The handedness was measured with the Edinburgh Handedness Inventory (Oldfield, 1971). The questionnaire consists of 10 questions in which participants declare their preferred hand in performing daily activities.


Data was collected during regular academic classes. Participants were tested in a group setup in lecture halls/seminar rooms. After providing general information about the study, participants, who agreed to volunteer, were orally instructed to have their hands free and keep their arms down (thus, they were not holding the hands in front of them and they did not see them), and then count on their fingers from 1 to 10 and memorize the order. Subsequently, the questionnaires were distributed, and participants were asked to mark the sequence on the palm drawing on the questionnaire (i.e., the schematic hands drawings were not visible to the participants while counting). Note that this procedure differs from Fischer (2008) in that participants first counted freely and then marked their preferred FC scheme. According to Wasner et al. (2014), this makes a meaningful difference (see Introduction). After marking the order of FC on the schematic hands, participants were asked to respond to items of the questionnaire. Participants were free not to return the questionnaires to ensure their freedom to withdraw from their participation in the study. They were also free to omit some items if they wished to. Thus, in some analyses the reported number of participants does not sum up to 380. The procedure lasted approximately 15 min.

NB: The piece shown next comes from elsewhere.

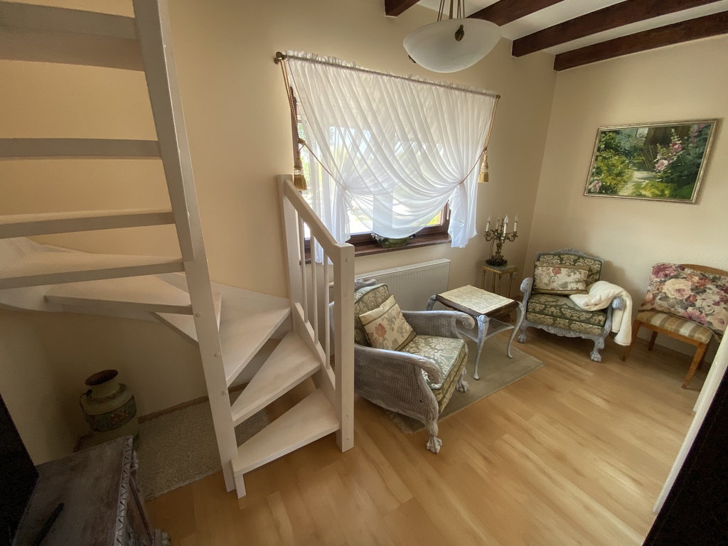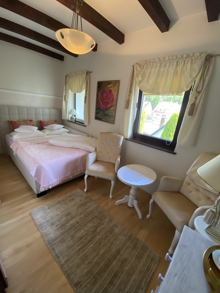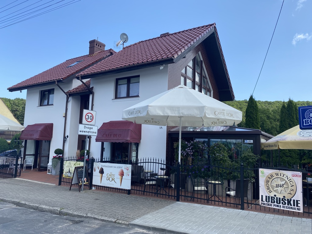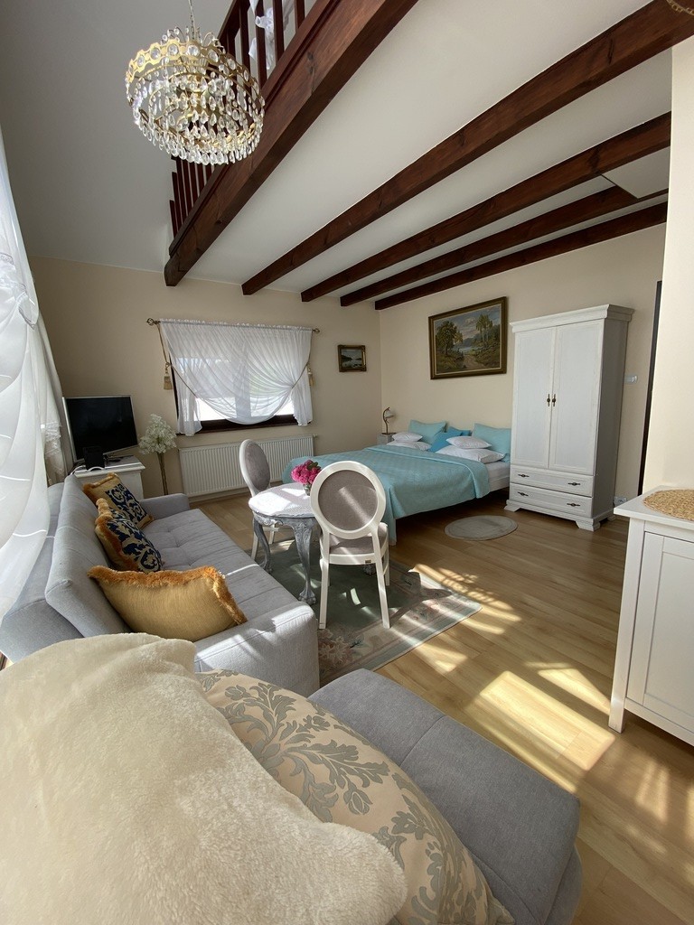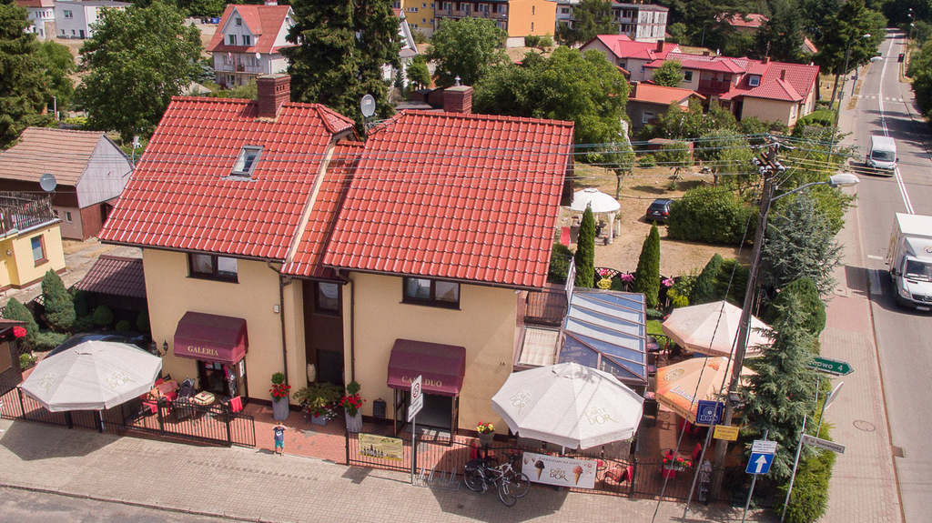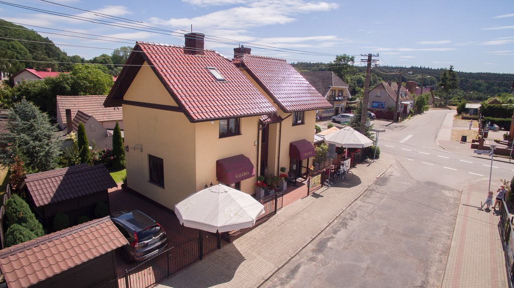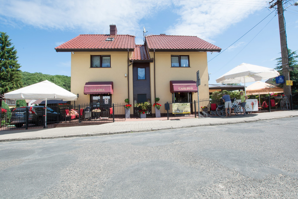 Na parterze znajduje się kawiarnia, galeria - lokale posiadają odzielne wejścia wraz z zapleczem kuchenno-socjanym. na piętrze i poddaszu znajdują się trzy apartamenty na wynajem z własnymi łazienkami.

The laterality quotient (LQ) could range from −100 to +100. According to Oldfield’s (1971) recommendations, the participants were categorized as right-handers (LQ > 40; n = 328, i.e., 86.3% of the sample), ambidextrous (40 ≤ LQ > 0; n = 22, i.e., 5.8%), or left-handers (LQ ≤ 0; n = 30, i.e., 7.9%)3 .

Finger counting routines

Results regarding the FC routines and patterns are summarized in Table 1. More participants declared starting with their right than with their left hand. Interestingly, the proportion of right- and left-starters differed significantly depending on handedness (chi22 = 12.56; p = 0.002). This effect was driven by the difference between left-handers and two other groups. Left-handers were more likely to start FC from the left hand than from the right hand. The opposite was true for right-handers and ambidextrous (Table 2).

Table 1:
Finger counting patterns and finger counting habits.
N %
(a) Counting pattern
1 2 3 4 5
RT RI RM RR RP 215 56.6
RT RI RM RP RR 3 0.8
LT LI LM LR LP 159 41.8
LT LI LM LP LR 2 0.5
LI LM LR LP LT 1 0.3
(b) Starting hand
Right 218 57
Left 162 43
(c) Starting finger
Thumb 371 97.6
Pinkie 8 2.1
Index 1 0.3
(d) Hands used > 5
One 11 2.9
Both 369 97.1
(e) Technique
Extending 288 75.8
Moving 21 5.5
Folding 5 1.3
Various 66 17.4
DOI: 10.7717/peerj.5878/table-1


Counting patterns: each letter pair points at hand (R = right; L = left) and finger (T = thumb; I = index finger; M = middle finger; R = ring finger; P = pinkie) used to indicate the number at the top of its column. Data from items (a) to (d) are based on participants’ marks on the palm drawing. Data from item (e) are from the question.

Table 2:
Handedness vs. starting hand.
Handedness Starting hand Total
Right Left
N % N % N
Right-handed 197 60 131 40 328
Ambidextrous 13 59 9 41 22
Left-handed 8 27 22 73 30
DOI: 10.7717/peerj.5878/table-2

Irrespective of the starting hand, nearly all participants declared starting with their thumb. A few participants declared starting with their pinkie, and only one—with the index finger. Vast majority of participants used both hands to count to ten. Interestingly, when participants were explicitly asked whether they use the other hand or continue with the same one (i.e., Q3), four times more individuals declared using only one hand.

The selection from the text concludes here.